Re: on formally describable universes and measures
Russell Standish wrote:
>Marchal wrote:
>>
>> Hi Juergen,
>>
>> I would like to nuance my last Post I send to you.
>>
>> First I see in other posts, written by you, that your
>> computable real numbers are *limit* computable. It still
>> seems to me possible to diagonalize against that,
>> although it is probably less trivial.
>>
>> But I think it isn't really relevant in our present discussion,
>> because the
>> continuum I am talking about appears in the first person discourse
>> of the machines, so it is better to
>> keep discussing the main point, which is the relevance
>> of the first person point of view, with comp, when
>> we are searching for a TOE.
>
>It seems to me that the cardinality of UD*, or whether UD* is a
>continuum or not is rather irrelevant. My understanding is that the UD
>argument implies a first person indeterminancy, ie every first person
>experience will have access to a random oracle.
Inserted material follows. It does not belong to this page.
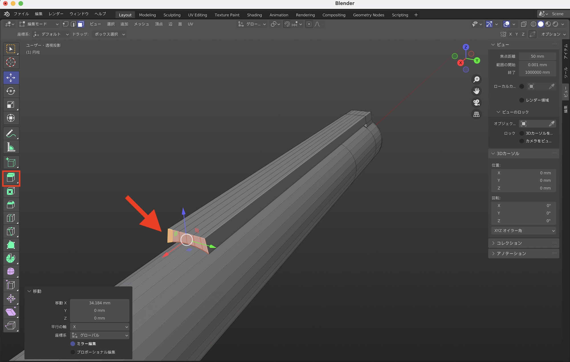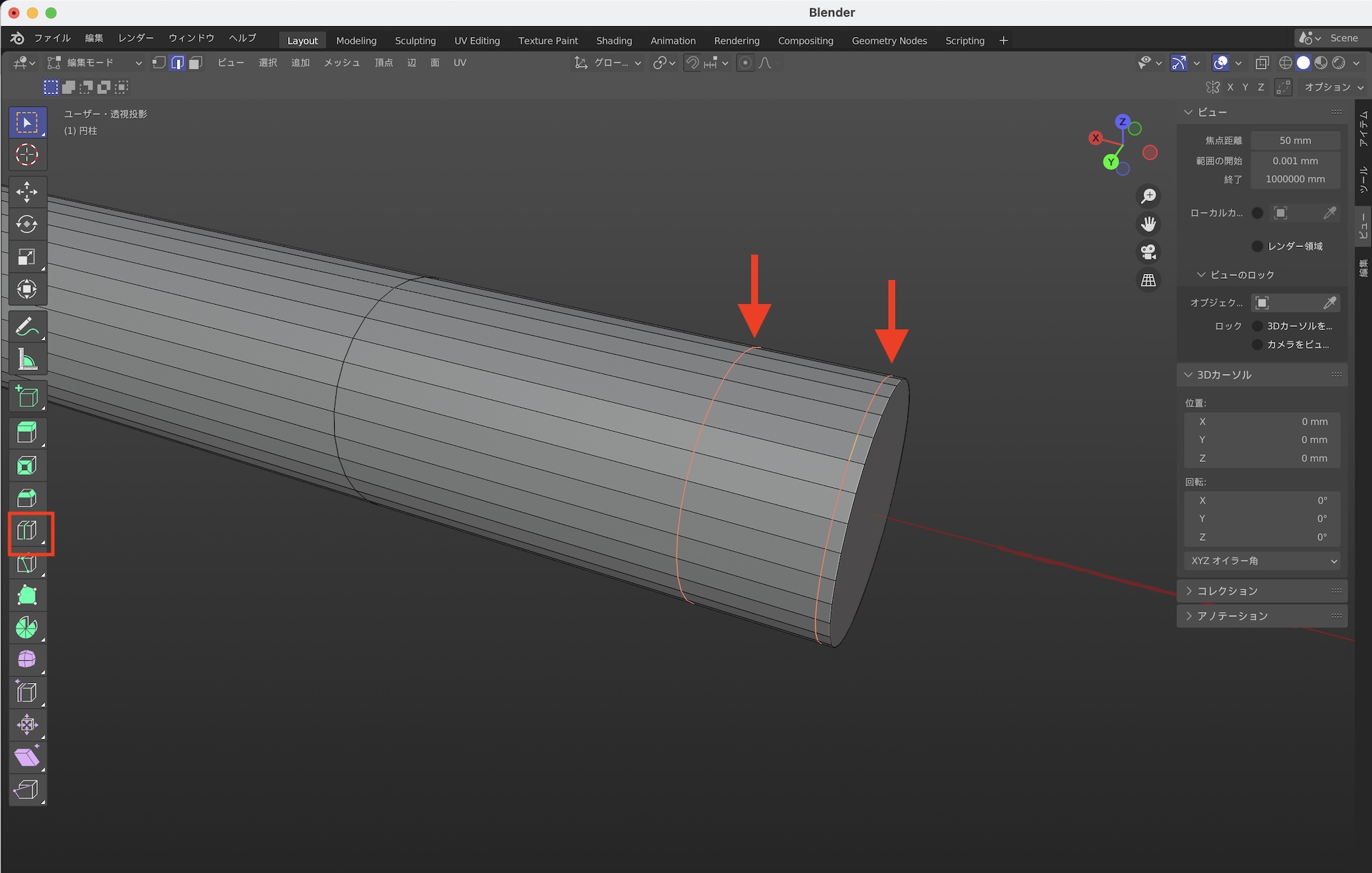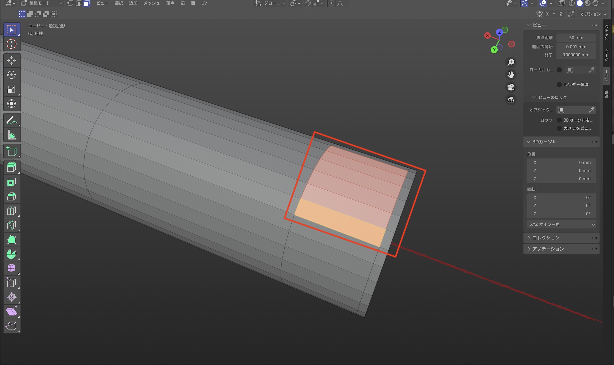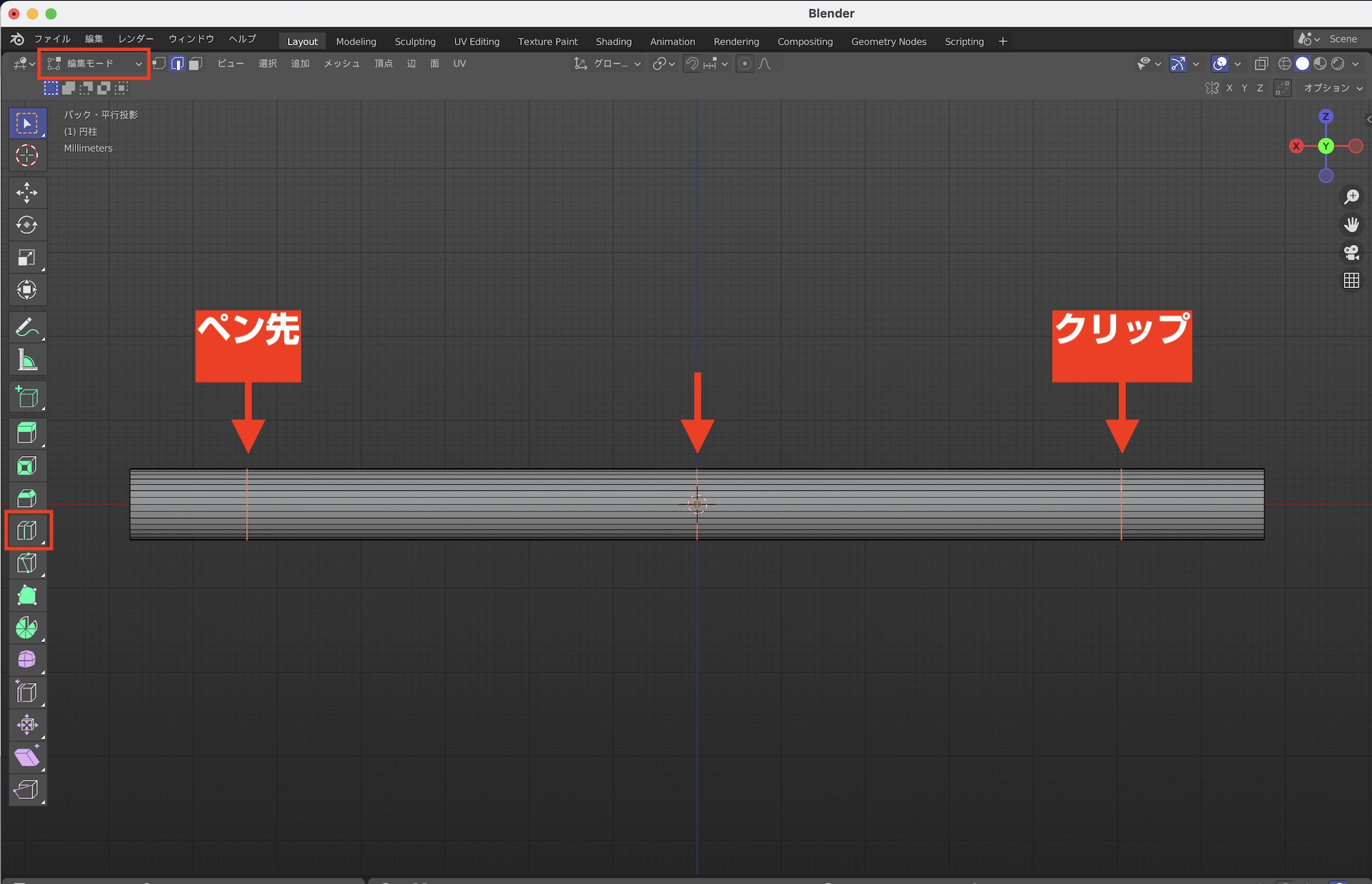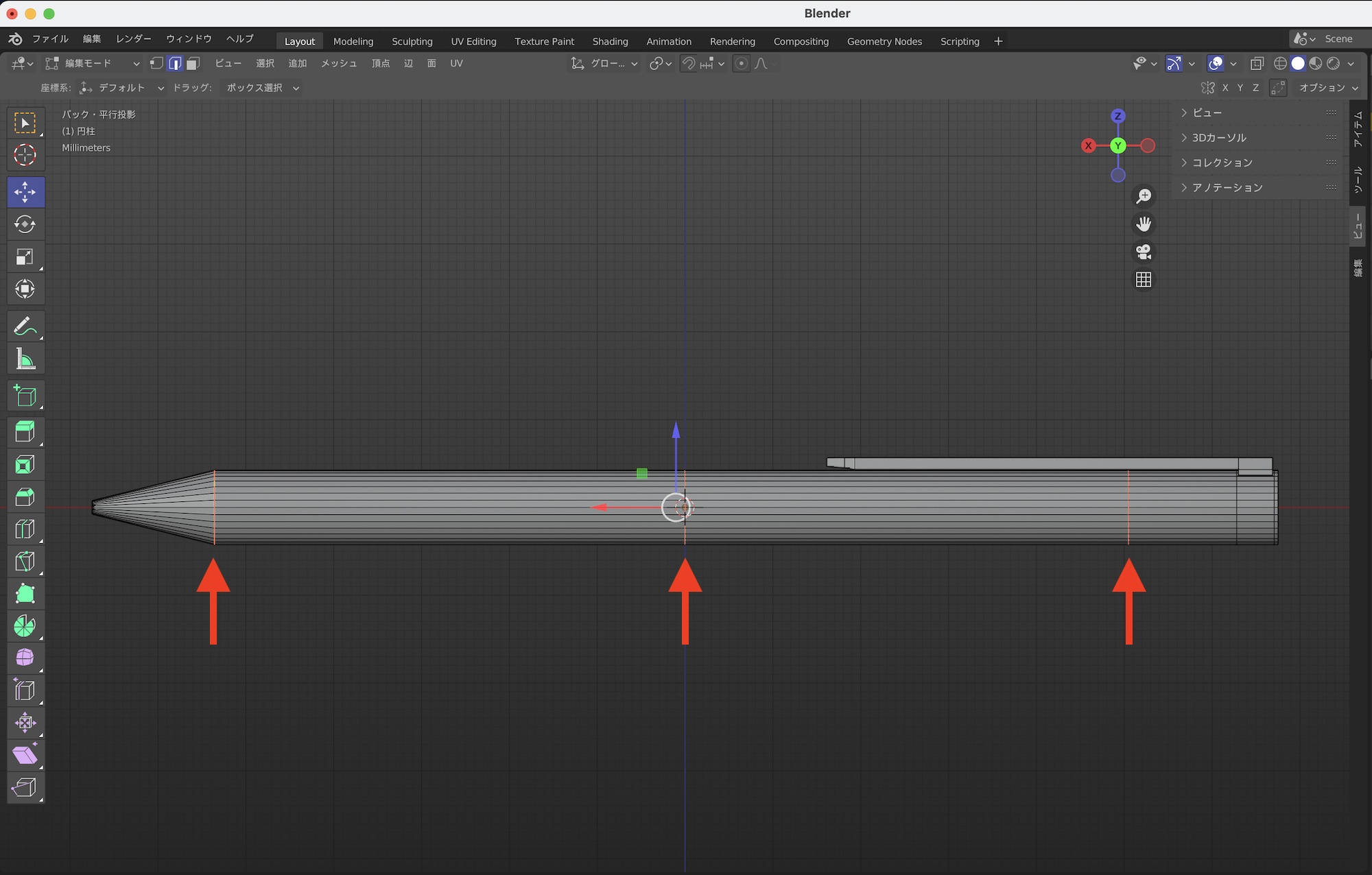 オブジェクトモードにした後、Y軸を面にした平行投影に切り替えて「ループカット」または「Control + R」で、円柱の中央と両端にループカットを施します。筆者の場合、左側がペン先、右側がクリップ部分となるので、ある程度距離を確保してカットしています。
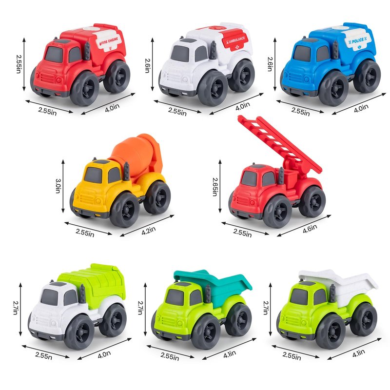 - 【8 in 1 Trucks Toys Set】8 in 1 truck toys set, including 2*fire truck & ambulance & cement mixer truck & 2*dump truck & police cars & garbage truck.The reduced version of the truck toy can better stimulate children's curiosity and encouraging hand-eye coordination. Different in shapes and bright colors of truck cars deeply attract children' attention and cultivate their patience and observation. allow your baby to recognize and identify 6 types of cars.

All right. I guess you agree that such random oracle appears also with
the iterative self-duplication, which is itself appearing in UD*.
>
>I think the argument goes something like this:
>
>1) UD algorithms will have high measure in the space of all
>computations, much higher than a direct implementation of a conscious AI
>(assuming such things exist).
Hopefully so. Intuitively so. Not so easy to prove. Note also that if
you implement a conscious AI it will itself be embedded in UD*, from
his own point of view, and it will have access also to some
random oracle.
>2) Therefore, it is more likely that a conscious AI will find itself
>imbedded in the output of a UD, with access to a random oracle
>
That's what I was saying ! And that conscious AI will even find itself
in the output of an immaterial UD in Plato heaven.
>(Of course my viewpoint is that consciousness _requires_ access to a
>random oracle, making conclusion 2 even stronger, but it is not
>necessary for the argument).
Consciousness _requires_ access to a random oracle for having
relatively stable histories. Perhaps through the phase randomisation
of the white rabbits (cf my recent paper).